Against the background of the use of curariform anticholinergics, the following negative symptoms may develop:
- Depolarizing curariform anticholinergics can provoke skeletal muscle soreness.
- Dithilin preparations are able to increase intraocular pressure and increase blood pressure, which in turn provokes cardiac arrhythmias.
- Under the influence of tubocurarine chloride drugs, a decrease in blood pressure, the development of laryngospasm, bronchospasm can be observed.
When should they not be used?
The main contraindications to the use of curariform substances are the following pathologies and physiological conditions:
- Breast age.
- Glaucoma.
- Violations of the liver, renal functionality.
- Myasthenia gravis
It is important to exercise caution when prescribing curariform anticholinergics to patients suffering from cachexia, anemia, as well as those who are pregnant or elderly.
Why are anticholinergics prescribed?
Currently, this list of anticholinergics (drugs of all groups) is widely used in various medical fields. The classification of their use is as follows:
- Use in therapeutic practice, when there is a need for the treatment of pathologies accompanied by spasms in smooth muscle structures. The most relevant drugs in this area are combining myotropic and neurotropic effects, as well as having selective antispasmodic effects.
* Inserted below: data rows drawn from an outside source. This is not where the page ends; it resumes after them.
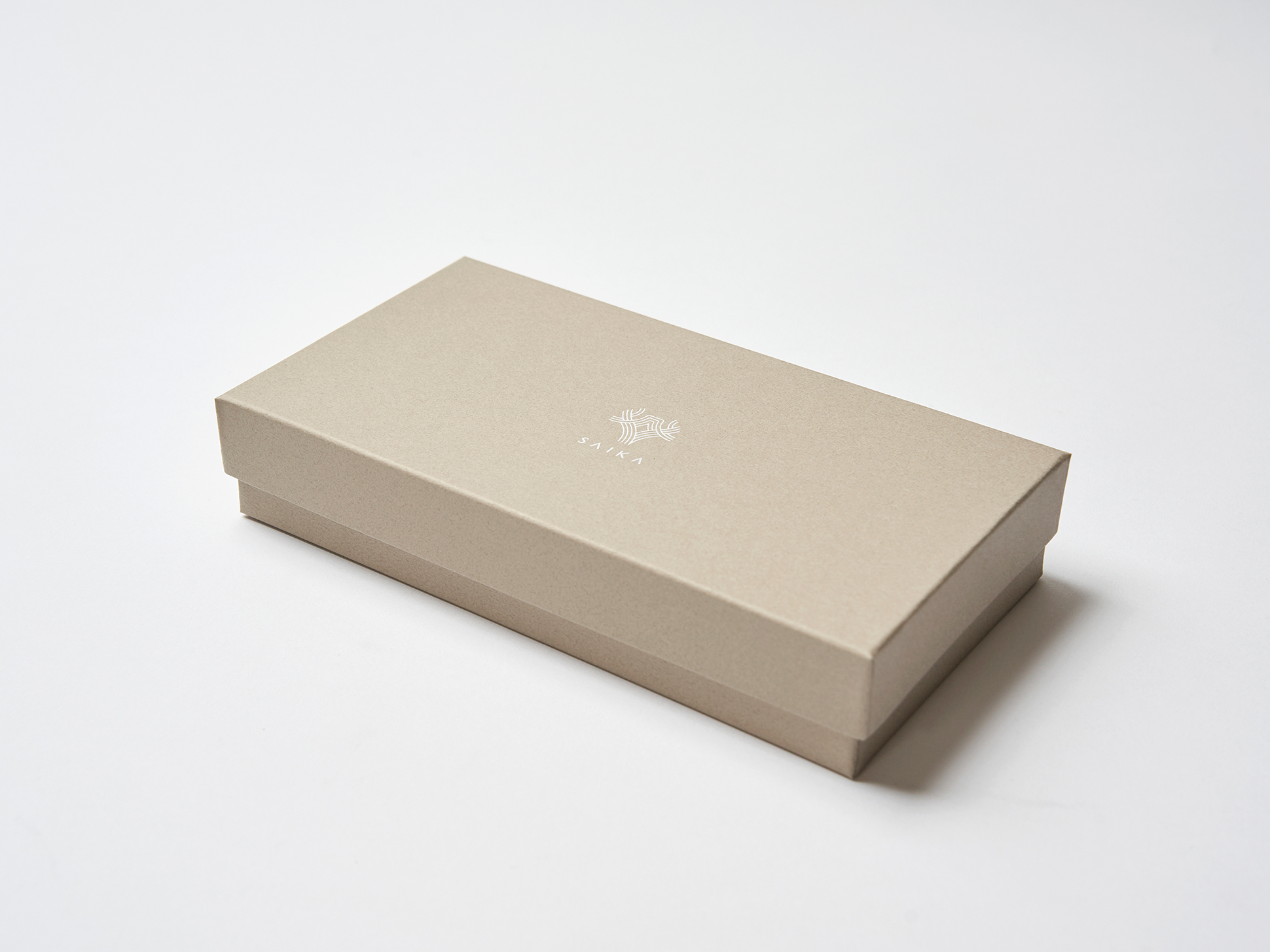 パッケージは、シンプルな貼り箱に白箔でロゴをあしらい、清潔感と上質さを表現しました。白く鞣した鹿革を用いた「SAIKA」の特徴を想起させるデザインとし、開封前からブランドの世界観を感じられる仕上がりとしています。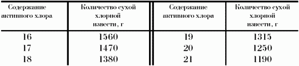 Примечание: при содержании активного хлора в исходном сухом препарате (хлорамин, хлорная известь) менее 16 % он подлежит изъятию из употребления.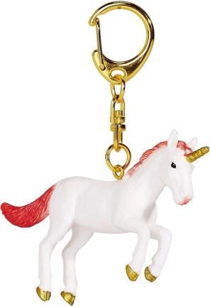 Den søde nøglering med en springende enhjørning betager både børn og voksne. Den er lavet af ftalatfri PVC og har metalkringel og karabin til nem fastgørelse på nøgler, rygsæk eller taske. Figuren er håndmalet med virkelighedstro detaljer og farver, så den er både et praktisk tilbehør og en stilfuld pynt.

- Use for the treatment of ulcerative lesions of the duodenum, stomach. In this area, it will be advisable to use anticholinergic drugs with antispasmodic activity that can inhibit the production of gastric juice.
- Use in functional disorders of the nervous system. Anticholinergics are widely used to treat Parkinson's conditions, Parkinson's disease.
- Use in psychiatric practice as tranquilizers.
- Application in the field of anesthesiology. Cholinolytic substances can enhance the effectiveness of sleeping pills and narcotic drugs.
- Use as a prophylactic for the prevention of marine, airborne disease.
- Use as an antidote if intoxication of the body with poisons.
Cholinolytic overdose
With prolonged use, the degree of exposure to anticholinergics may decrease. Due to such a feature of substances, experts recommend a periodic replacement of drugs.
In some cases, against the background of the use of drugs, a side effect of a toxic nature may develop. This happens most often if the patient has an individual sensitivity to the substance, or exceeds the recommended dosage. Cholinolytic intoxication is manifested by the following symptoms:
- Incorrect accommodation.
- Dry mucous membranes in the mouth.
- Tachycardia.
When using central anticholinergics, an overdose is accompanied by the occurrence of impaired NS functionality:
- Hallucinations.
- Feeling of a stupefied head.
- Dizziness.
- Pain in the head.
When treating with anticholinergics, it is important for the patient to observe the dosages recommended by the specialist and take into account the individual characteristics of his own body. Even a slight overdose of substances leads to the development of tachycardia and severe dry mouth. With the onset of intoxication, proserin should be administered intravenously to the patient. The most serious contraindication to their use is glaucoma.